Фовель говорил это медленно, с тяжкими усилиями, точно каждое слово душило ему горло.

Рауль, слушавший его с глубоким вниманием, понял, что если банкиру и было известно многое, то он знал еще далеко не все. Он догадался, что это было одно только простое недоразумение, которое и следовало разъяснить.

— Милостивый государь… — начал он. — Прошу вас, выслушайте меня…

Но одного только его голоса было достаточно, чтобы нарушить мечты Фовеля. Гнев вспыхнул в нем с еще большей силой. Угроза засветилась в его глазах.

— Молчать! — закричал он на Рауля. — Молчать!

Наступило продолжительное молчание, прерываемое только рыданиями госпожи Фовель.

— Я пришел сюда, — сказал банкир, — с твердым намерением захватить вас врасплох и убить вас обоих. Я застал вас, но… у меня не хватает сил… Я не могу убить безоружного человека.

Рауль хотел ему что-то сказать.

— Не мешайте мне говорить! — перебил его Фовель. — Ваша жизнь в моих руках. Закон оправдывает месть оскорбленного мужа. Но я не желаю пользоваться этой льготой свода законов. Вон там, на камине, я вижу такой же точно револьвер, как и у меня. Берите его и защищайтесь…

— Никогда!

— Защищайтесь же! — крикнул банкир, взведя курок. — Защищайтесь, говорю я вам!..

Видя направленное на него дуло пистолета, Рауль взял с камина револьвер.

— Станьте в том углу, — продолжал банкир, — а я стану в этом. Сейчас должны бить ваши часы. Как только они зазвонят, с первым же ударом мы должны сойтись.

И они стали так, как приказал Фовель, не произнося более ни слова.

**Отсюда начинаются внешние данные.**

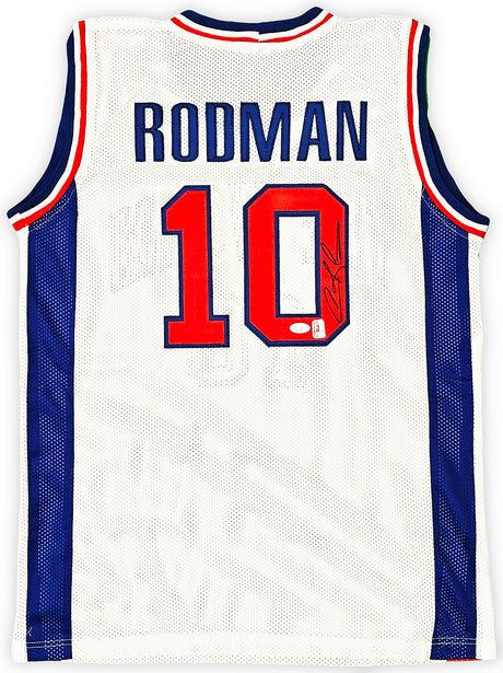 Detroit Pistons Dennis Rodman Autographed White Jersey JSA Stock #215730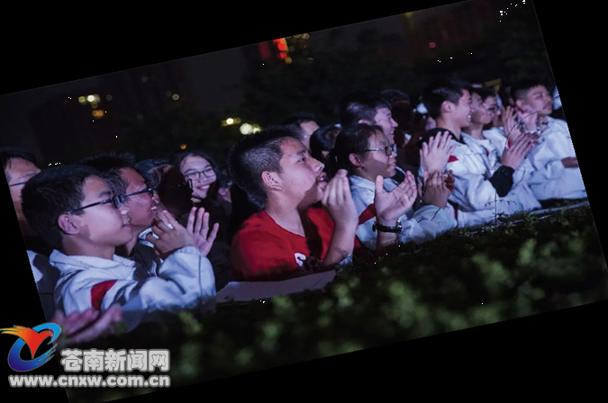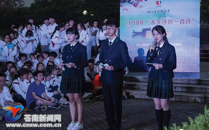 4月27日晚上六点半,苍南中学“2018春天送你一首诗朗诵会”在苍中后广场举行。《等你在雨中》《青春中国》《黄河》等15首诗篇,歌颂青春、歌颂梦想、歌颂祖国,在激情吟诵中,500余名师生陶醉在这春天的夜晚。(叶怀欣/摄)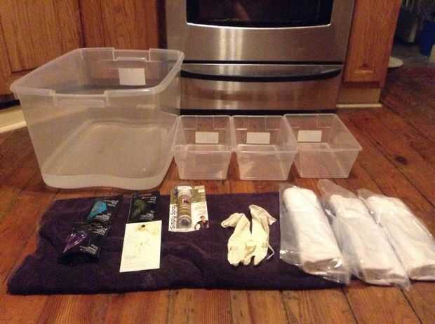 Tener un par de otros envases de plástico de alrededor ayuda a apartar un corsé al cambiar colorantes... toallas de trabajan demasiado.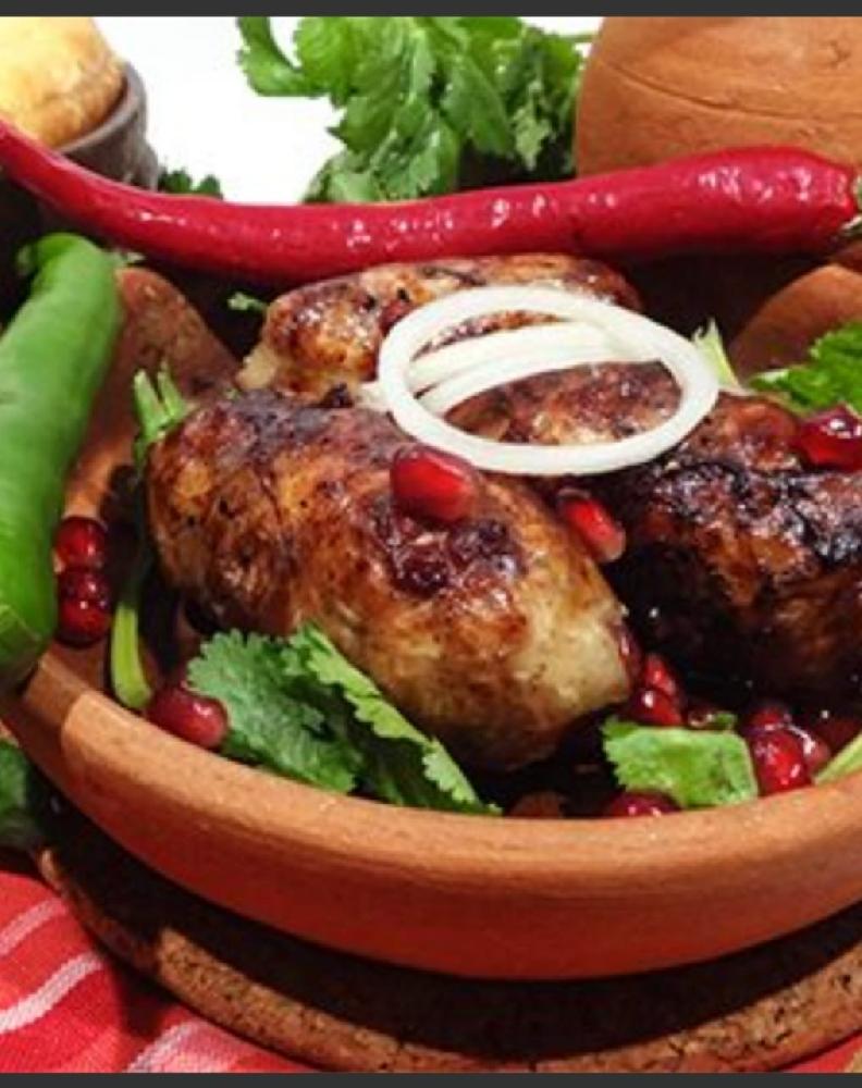 Quzu əti, qırmızı soğan, şabalıd, nar ş...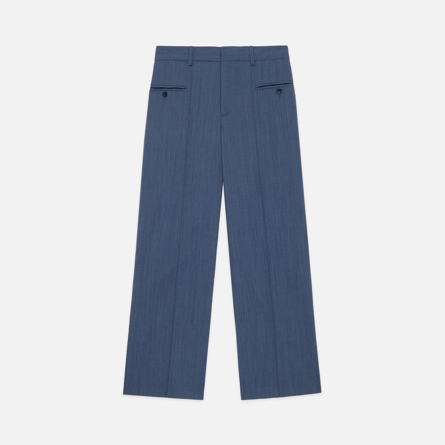 The Avenue Pant offers a study in linear precision, reimagining the classic trouser with refined, modern utility. Defined by a permanent front pintuck that holds a sharp, elongated silhouette, the design is elevated by signature wrap-around welt pockets that sweep across the hip for a clean, integrated feel. Distinctive exposed button hardware provides a polished accent, resulting in a polished profile that transitions with grace from day to night.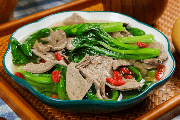 食材:猪肝、枸杞叶、枸杞、盐、鸡精、胡椒粉、料酒、淀粉、生姜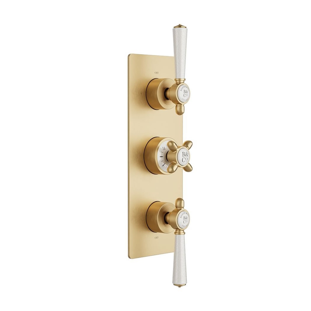 Transform your bathroom into a sanctuary of style and functionality with the Booth & Co. Axbridge Brushed Brass 3 outlet shower valve.

Госпожа Фовель больше не могла выносить этой ужасной сцены.

Она видела, что ее сын и муж должны убить друг друга на ее же глазах, и это было выше ее сил.

Ужас овладел ею, и она бросилась между ними, широко расставив руки, точно желая этим задержать движение пуль.

— Ради бога, Андре, — обратилась она со слезами на глазах к мужу. — Дай мне рассказать тебе все. Не убивай его!

Этот материнский вопль он принял за крик влюбленной женщины, защищающей своего любовника.

С неслыханной жестокостью он схватил свою жену за руку и отбросил ее в сторону.

— Прочь!.. — воскликнул он.

Но она не послушалась его и, бросившись к Раулю, обхватила его руками за шею и сказала:

— Это меня следует убить, меня одну, потому что я одна виновата во всем.

Кровь бросилась Фовелю в лицо, он прицелился в эту ненавистную группу и спустил курок.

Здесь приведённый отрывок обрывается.